- DATA SHOWN
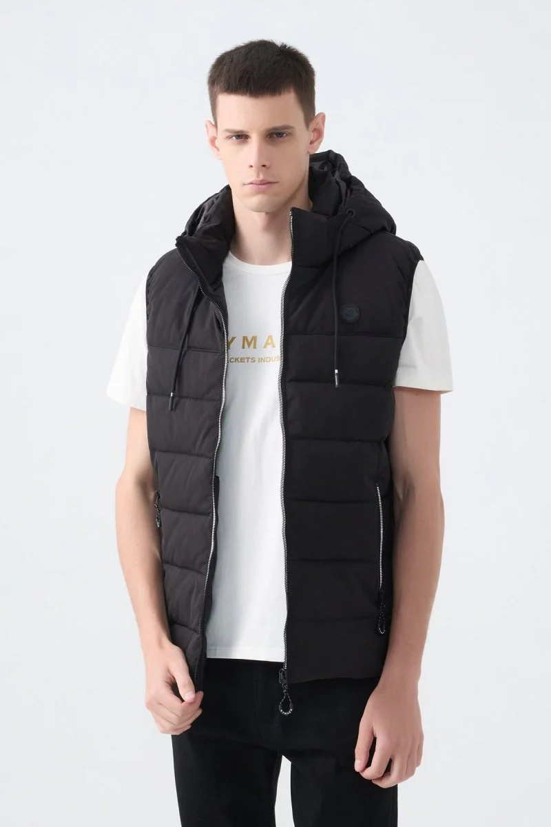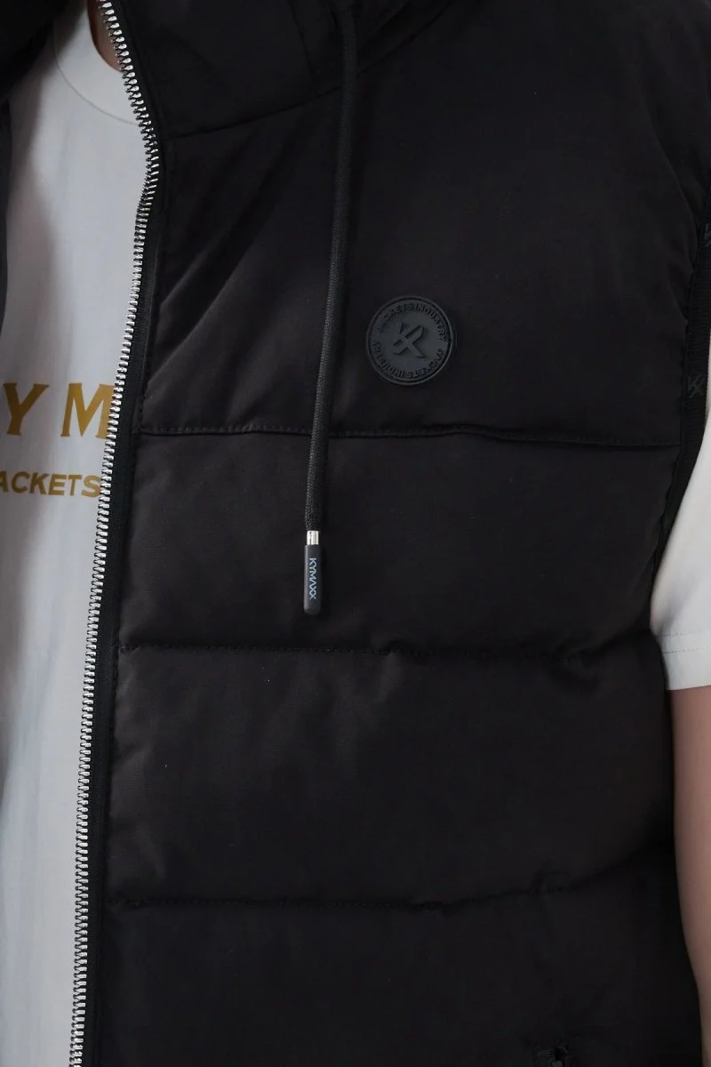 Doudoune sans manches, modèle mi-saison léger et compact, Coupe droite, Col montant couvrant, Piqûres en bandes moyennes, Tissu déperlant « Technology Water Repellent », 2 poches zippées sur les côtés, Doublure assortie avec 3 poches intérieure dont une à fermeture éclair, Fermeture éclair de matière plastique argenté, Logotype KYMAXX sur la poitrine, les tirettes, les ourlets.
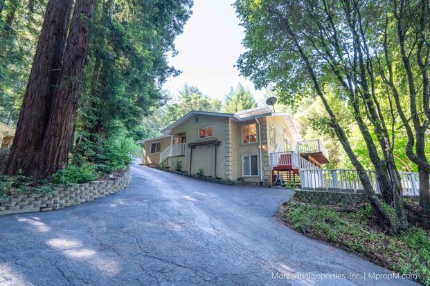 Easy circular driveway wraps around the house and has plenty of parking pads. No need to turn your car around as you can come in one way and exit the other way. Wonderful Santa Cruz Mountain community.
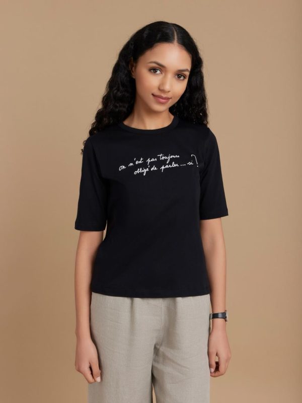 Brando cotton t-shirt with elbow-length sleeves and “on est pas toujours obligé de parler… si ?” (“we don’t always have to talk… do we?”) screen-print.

- WHAT TO WORK ON
The expected answer is the listing above, duplicated exactly, with its pictures removed.

- RESULT OF THE TASK
 Doudoune sans manches, modèle mi-saison léger et compact, Coupe droite, Col montant couvrant, Piqûres en bandes moyennes, Tissu déperlant « Technology Water Repellent », 2 poches zippées sur les côtés, Doublure assortie avec 3 poches intérieure dont une à fermeture éclair, Fermeture éclair de matière plastique argenté, Logotype KYMAXX sur la poitrine, les tirettes, les ourlets.
 Easy circular driveway wraps around the house and has plenty of parking pads. No need to turn your car around as you can come in one way and exit the other way. Wonderful Santa Cruz Mountain community.
 Brando cotton t-shirt with elbow-length sleeves and “on est pas toujours obligé de parler… si ?” (“we don’t always have to talk… do we?”) screen-print.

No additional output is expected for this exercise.